• REQUIRED WORK: Your task is to transcribe all the entries exactly, excluding pictures.

:: DATA SUPPLIED

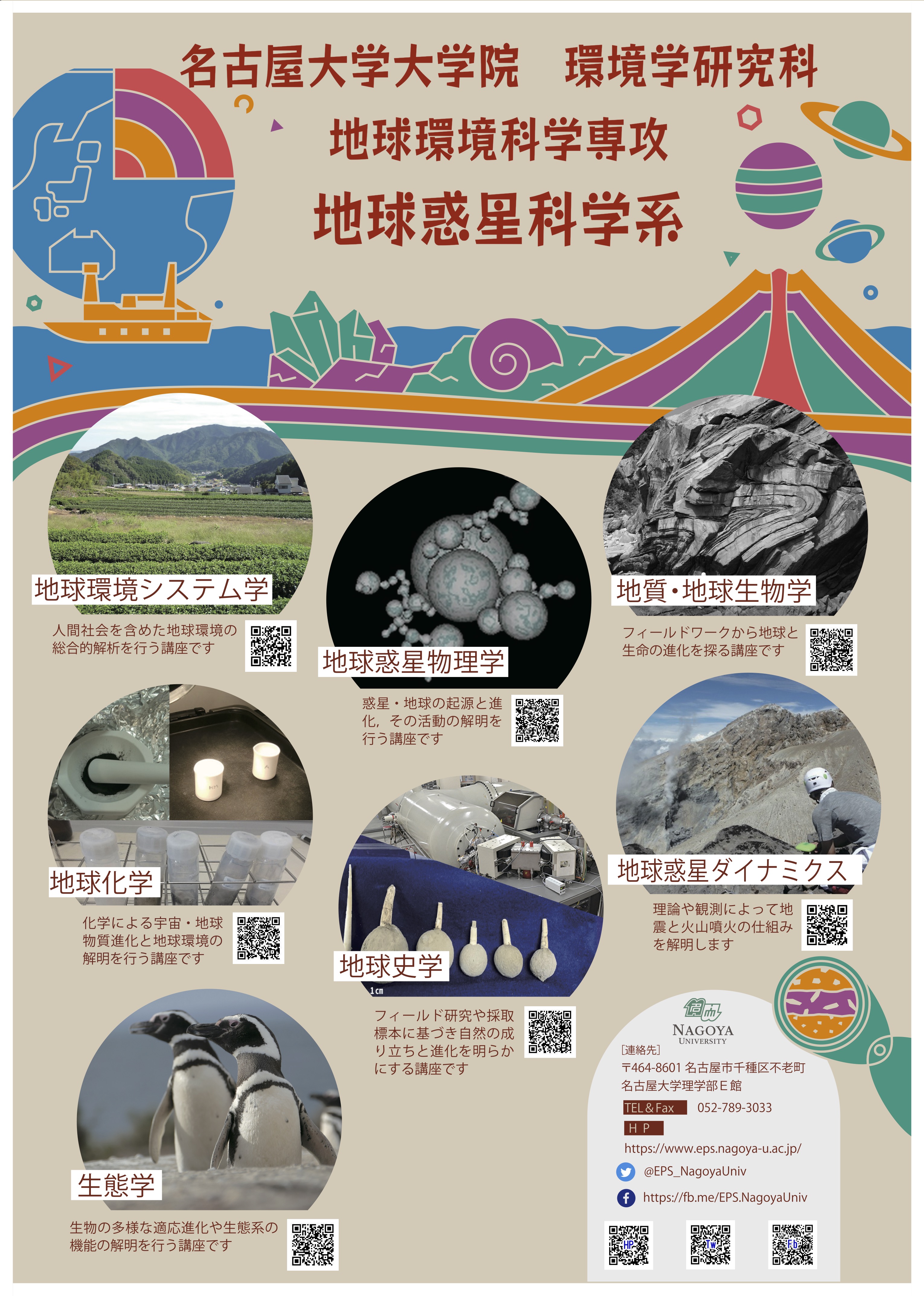 大学院の地球環境科学専攻には、地球惑星科学系大気水圏科学系の2つのコースがあります。この専攻には、宇宙地球環境研究所名古屋大学博物館減災連携研究センターや、研究科附属の地震火山研究センター持続的共発展教育研究センターの教員も参画しています。
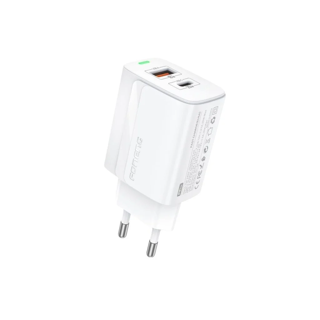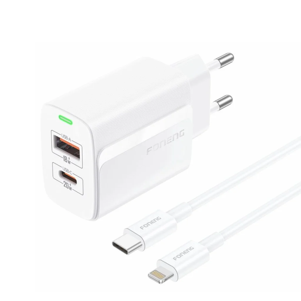 FONENG fali töltő EU66 PD 20W 1xUSB-C + 1xUSB QC3.0 + kábel USB-C - Lightning Fehér
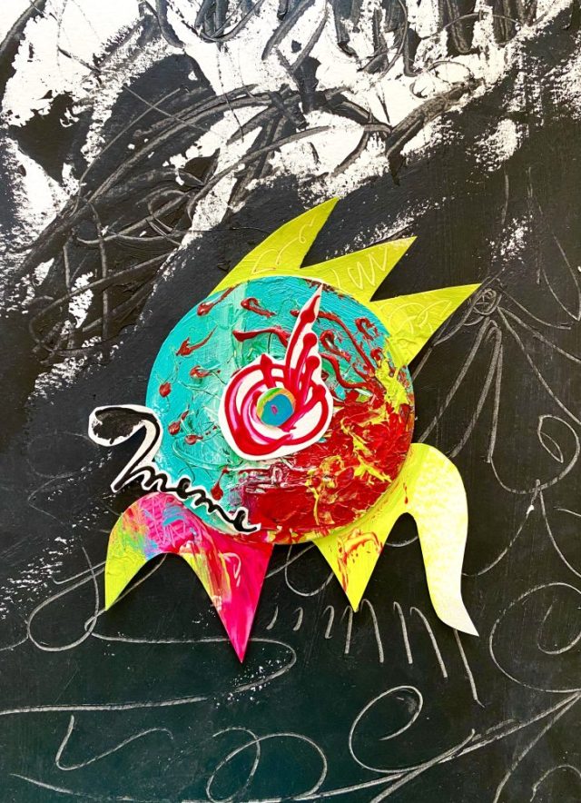 【一日一作プロジェクト】CDアート「水焔(みほのお)」を作った。ここ2、3日、なんとなく食べ物が噛みにくい。どうしたものかと口を開けて、鏡をのぞいてみると
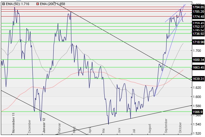 Der Widerstand bei 1.790 Dollar konnte auf Tagesschlussbasis nicht überwunden werden. Es folgte der Rücksetzer. Der Goldchart erhält nun kurzfristig Unterstützung in einem Bereich zwischen $ 1.752 und $ 1.760. Vor allem das letztgenannte Niveau (Zwischenhoch vom 2. Februar 2012) erscheint zunächst solide. In dieser Region drehte der Goldpreis bereits Ende September wieder nach oben.
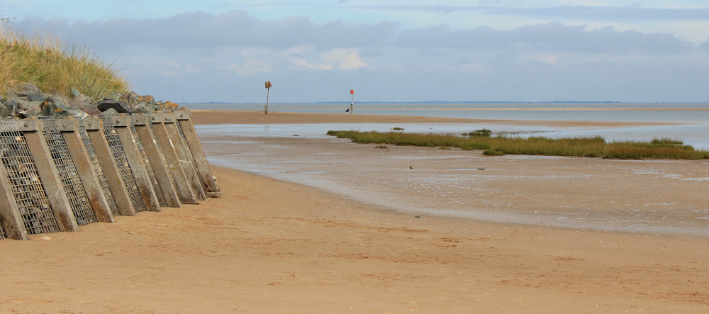 Here the marsh seems to disappear, and a beach begins. I climb down and follow the curve of the sea defences. Finally, I’m walking on sand again. This is lovely.
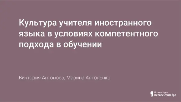Культура учителя иностранного языка в условиях компетентного подхода в обучении
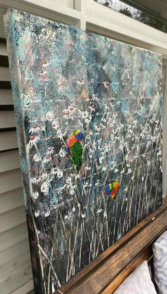 This painting is about my experience as a Mum wanting desperately to fix it, to take the burdens from my kids, to make it better and then hearing a whisper deep in my soul, “some thing’s don’t need to be fixed”.
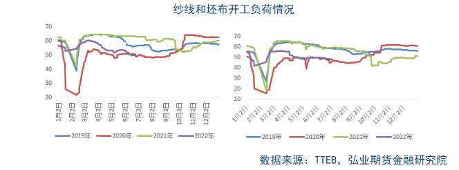 今年以來(lái),棉紡織行業(yè)PMI指數(shù)一直處于近年同期最低。5月份,棉紡織行業(yè) PMI 指數(shù)為44.74,環(huán)比增加12.58,同比回落9.56,為近三年同期最低值。其中,新訂單指數(shù)為 35.96,處于近年歷史較低位。3月中旬以來(lái),國(guó)內(nèi)紗線和坯布開工負(fù)荷呈震蕩回落走勢(shì),且今年基本上處于往年同期最低位(除卻2020年),而兩者庫(kù)存則從4月份加速上升,今年以來(lái)一直處于近年同期最高位。截至6月底,紗線和坯布開工負(fù)荷指數(shù)分別為48.9和48.3,較去年同期分別回落14個(gè)11個(gè)百分點(diǎn);紗線和坯布庫(kù)存分別為34.4天和37.3天,較去年同期分別上升21天和22天。
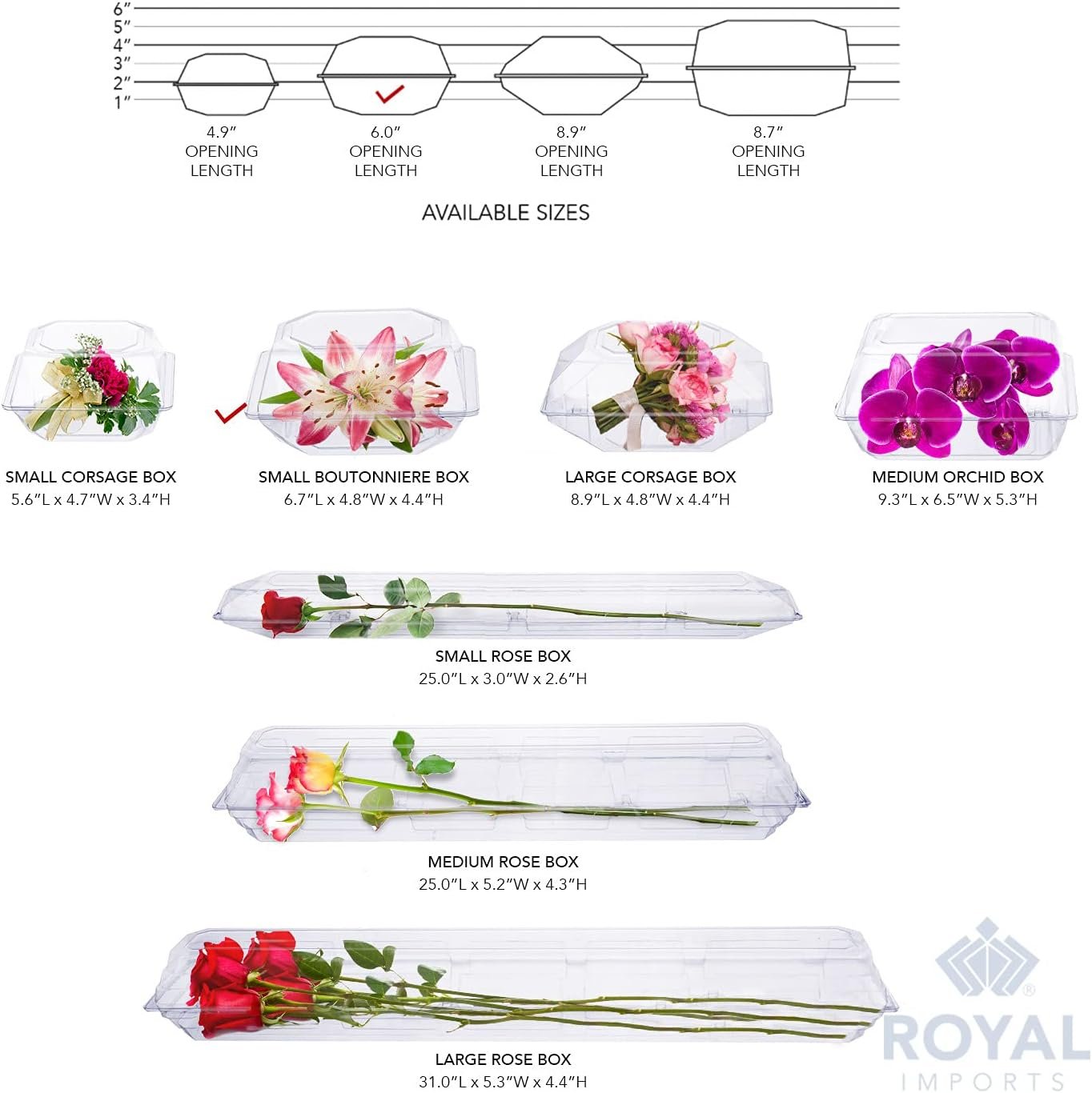 Uses: Its most common use is the “boutonniere box” and “corsage box”. However, creative florists and DIYers have used these small plastic boxes for single stem flowers and little floral bouquets in addition to many other uses.

::::

• YOUR SOLUTION:
 大学院の地球環境科学専攻には、地球惑星科学系大気水圏科学系の2つのコースがあります。この専攻には、宇宙地球環境研究所名古屋大学博物館減災連携研究センターや、研究科附属の地震火山研究センター持続的共発展教育研究センターの教員も参画しています。
 FONENG fali töltő EU66 PD 20W 1xUSB-C + 1xUSB QC3.0 + kábel USB-C - Lightning Fehér
 【一日一作プロジェクト】CDアート「水焔(みほのお)」を作った。ここ2、3日、なんとなく食べ物が噛みにくい。どうしたものかと口を開けて、鏡をのぞいてみると
 Der Widerstand bei 1.790 Dollar konnte auf Tagesschlussbasis nicht überwunden werden. Es folgte der Rücksetzer. Der Goldchart erhält nun kurzfristig Unterstützung in einem Bereich zwischen $ 1.752 und $ 1.760. Vor allem das letztgenannte Niveau (Zwischenhoch vom 2. Februar 2012) erscheint zunächst solide. In dieser Region drehte der Goldpreis bereits Ende September wieder nach oben.
 Here the marsh seems to disappear, and a beach begins. I climb down and follow the curve of the sea defences. Finally, I’m walking on sand again. This is lovely.
Культура учителя иностранного языка в условиях компетентного подхода в обучении
 This painting is about my experience as a Mum wanting desperately to fix it, to take the burdens from my kids, to make it better and then hearing a whisper deep in my soul, “some thing’s don’t need to be fixed”.
 今年以來(lái),棉紡織行業(yè)PMI指數(shù)一直處于近年同期最低。5月份,棉紡織行業(yè) PMI 指數(shù)為44.74,環(huán)比增加12.58,同比回落9.56,為近三年同期最低值。其中,新訂單指數(shù)為 35.96,處于近年歷史較低位。3月中旬以來(lái),國(guó)內(nèi)紗線和坯布開工負(fù)荷呈震蕩回落走勢(shì),且今年基本上處于往年同期最低位(除卻2020年),而兩者庫(kù)存則從4月份加速上升,今年以來(lái)一直處于近年同期最高位。截至6月底,紗線和坯布開工負(fù)荷指數(shù)分別為48.9和48.3,較去年同期分別回落14個(gè)11個(gè)百分點(diǎn);紗線和坯布庫(kù)存分別為34.4天和37.3天,較去年同期分別上升21天和22天。
 Uses: Its most common use is the “boutonniere box” and “corsage box”. However, creative florists and DIYers have used these small plastic boxes for single stem flowers and little floral bouquets in addition to many other uses.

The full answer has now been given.